◆ The problem: What you return must match the listing below exactly, minus any pictures.

◆ Data provided:
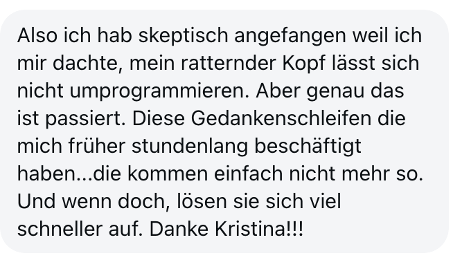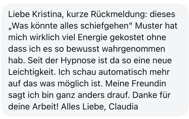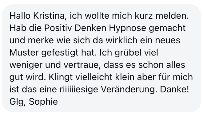 "Also wirklich Hut ab. Deine Online Hypnose Plattform ist sensationell geworden. Total übersichtlich alles, ganz einfach zu buchen, funktioniert einwandfrei, sogar für mich als technisches Nackerpatzi seht gut schaffbar. Und die Hypnosen sind natürlich gewohnte super Kristina-Qualität, da hab ich aber auch gar nichts anderes erwartet, ich hatte nur Respekt vor ONLINE, aber bin jetzt schon ein richtiger Fan. Sogar im Urlaub hab ich eine gemacht hihi, am Strand, so angenehm. Danke dir! Alles Liebe und bis bald!"
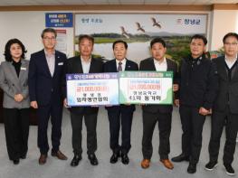 창녕군은 산청군 산불진화대 성금 모금 기간 각계각층의 다양한 기관·단체들로부터 따뜻한 손길이 이어지고 있다고 9일 밝혔다. 우선, 지난 8일 창녕읍 임자생(72년생)연합회(회장 김상헌)에서 성금 100만
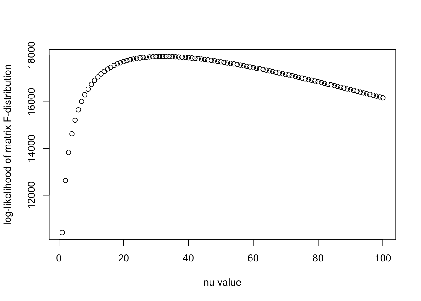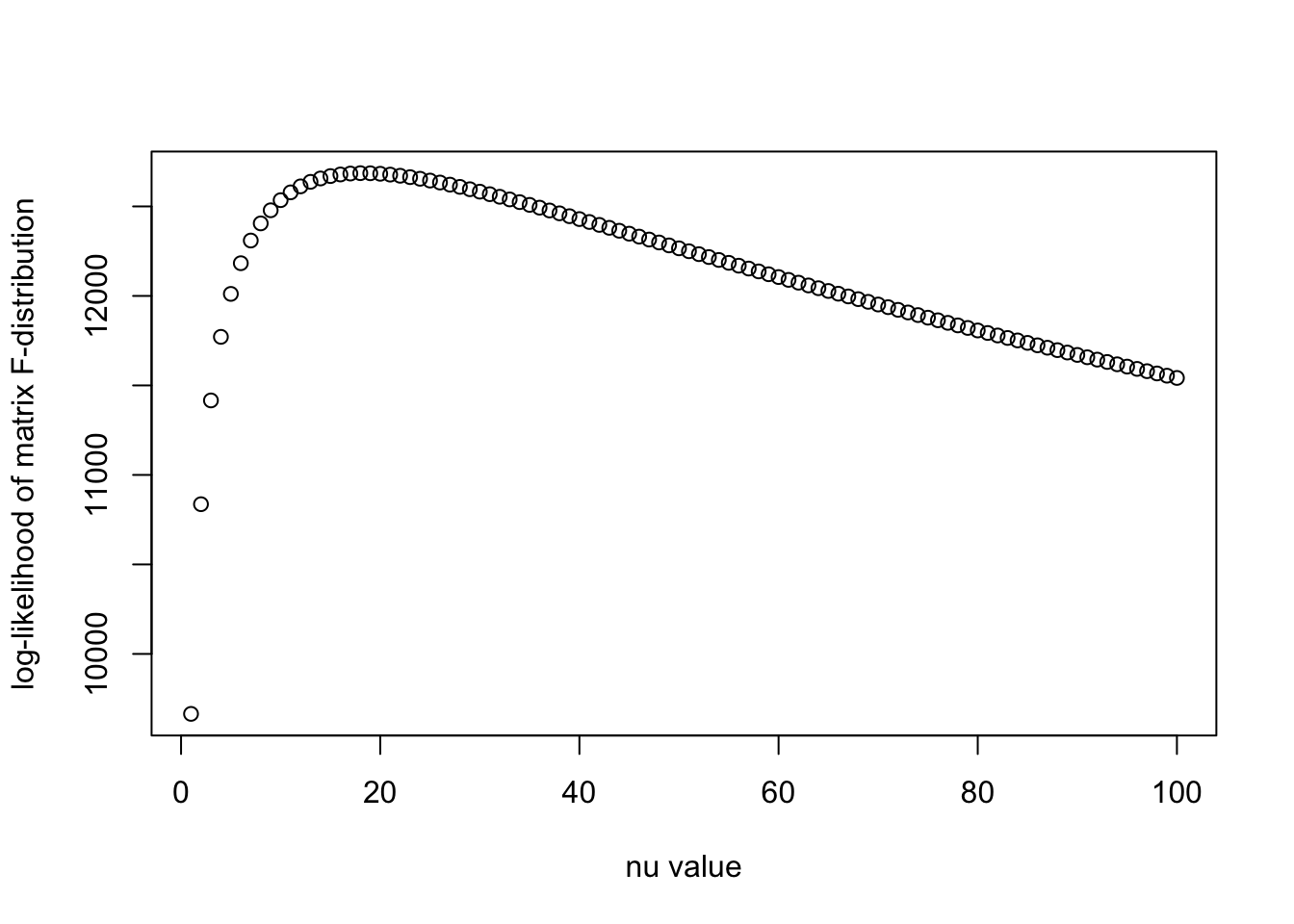 plot(nu_vec, llhs, xlab = "nu value", ylab = "log-likelihood of matrix F-distribution")
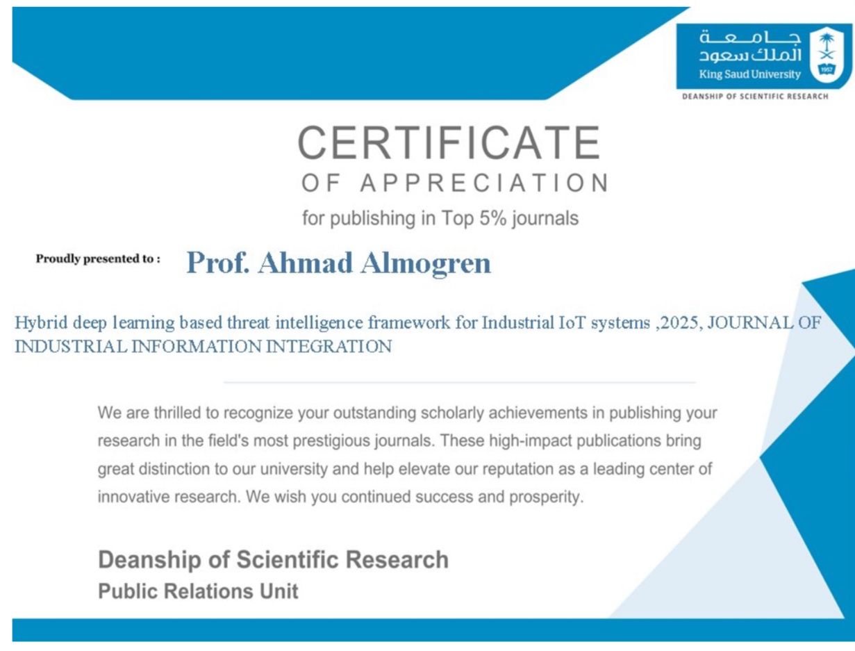 ![]() | Prof. Ahmad Al-Mogren Recognized for Publishing in Top 5% JournalsDate: Sep 3, 2025 | Awarded by: Deanship of Scientific Research, KSU |
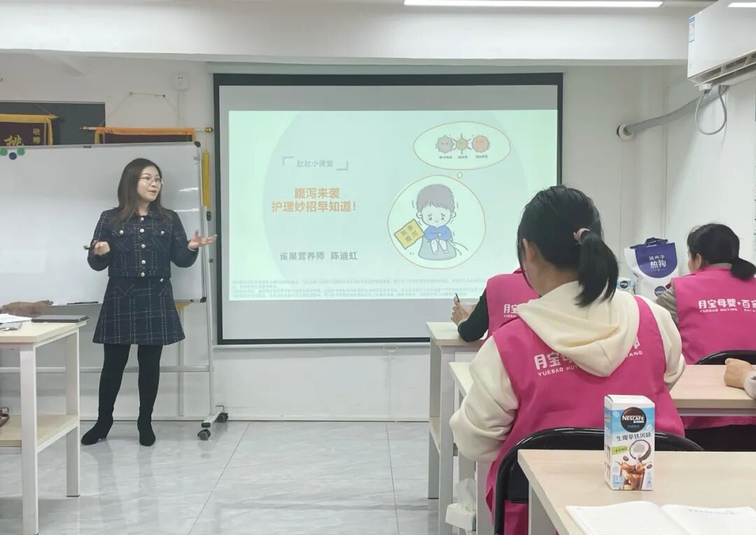为提高月嫂、育儿嫂的综合素养,提升服务团队对常用的母婴产品,护理工具等认知与迭代更新知识,月宝母婴会定期邀请不同的知名母婴品牌,相关合作的母婴机构的优质大牌导师,跟我们月嫂、育儿嫂新老学员举行专题的分享学习讲座。这期特别邀请负责雀巢医护线培训宣讲的专业营养师陈迪红老师为大家带来“宝宝腹泻护理小妙招”专题课程。

◆ Task result:
 "Also wirklich Hut ab. Deine Online Hypnose Plattform ist sensationell geworden. Total übersichtlich alles, ganz einfach zu buchen, funktioniert einwandfrei, sogar für mich als technisches Nackerpatzi seht gut schaffbar. Und die Hypnosen sind natürlich gewohnte super Kristina-Qualität, da hab ich aber auch gar nichts anderes erwartet, ich hatte nur Respekt vor ONLINE, aber bin jetzt schon ein richtiger Fan. Sogar im Urlaub hab ich eine gemacht hihi, am Strand, so angenehm. Danke dir! Alles Liebe und bis bald!"
 창녕군은 산청군 산불진화대 성금 모금 기간 각계각층의 다양한 기관·단체들로부터 따뜻한 손길이 이어지고 있다고 9일 밝혔다. 우선, 지난 8일 창녕읍 임자생(72년생)연합회(회장 김상헌)에서 성금 100만
 plot(nu_vec, llhs, xlab = "nu value", ylab = "log-likelihood of matrix F-distribution")
 ![]() | Prof. Ahmad Al-Mogren Recognized for Publishing in Top 5% JournalsDate: Sep 3, 2025 | Awarded by: Deanship of Scientific Research, KSU |
为提高月嫂、育儿嫂的综合素养,提升服务团队对常用的母婴产品,护理工具等认知与迭代更新知识,月宝母婴会定期邀请不同的知名母婴品牌,相关合作的母婴机构的优质大牌导师,跟我们月嫂、育儿嫂新老学员举行专题的分享学习讲座。这期特别邀请负责雀巢医护线培训宣讲的专业营养师陈迪红老师为大家带来“宝宝腹泻护理小妙招”专题课程。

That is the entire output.